Economic Development Week is no cause for celebration
The International Economic Development Council is recognizing its 90th anniversary by promoting what it calls “Economic Development Week,” designed to celebrate its industry and professionals. Yet the act of governments using tax dollars to pick winners and losers is nothing to celebrate. If anything, government development agencies interfere with rather than facilitate economic well-being, particularly when they use targeted tax deals and subsidies.
Governments around the United States — and in much of the world — have established countless agencies and programs under the rubric of economic development and job creation. Decades of experience, along with anecdotal and empirical evidence, demonstrate that such efforts have been an expensive failure, particularly when their opportunity costs are considered.

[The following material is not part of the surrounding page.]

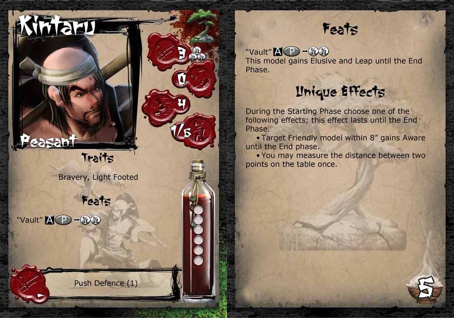 As trouble and unrest sweeps across the Jwar Isles the unlikeliest of heroes are emerging to support the Temple of Ro-Kan. Kintaru is one such man, a peasant more at home fishing the rivers and lakes of the mountains than fighting. Nether the less he has given the strength of his arms and his keen eye to protect that which he holds dear.
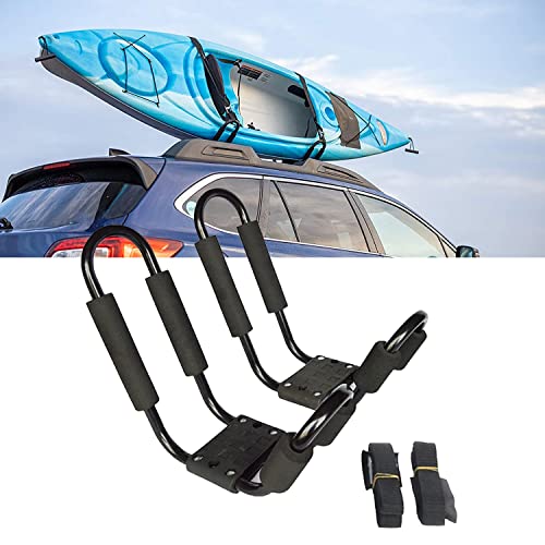 1組のカヤック屋根ラックは、カヤックやサーフボードを簡単に運ぶためのストラップが付いています。ユニバーサルフィット設計で、様々な車種に対応します。

Michigan’s jobs agency, the Michigan Economic Development Corporation, and agencies like it, should be shut down in its entirety. Likewise, the state should end policies that redistribute money to select businesses in the name of economic development. If either of these events would happen, it would be worthy of a weeklong celebration.
Empirical evidence shows that government economic development programs are rarely as successful as advertised. In a 2004 paper titled, “The Failure of Economic Development Incentives,” two professors of urban planning say that given the size of economic development programs, one might expect to see “undisputed evidence of their success.” Yet, they observe, “This is not they case.” The authors conclude, “In fact, there are very good reasons, theoretical, empirical, and practical — to believe that economic development incentives have little or no impact on firm location and investment decision.”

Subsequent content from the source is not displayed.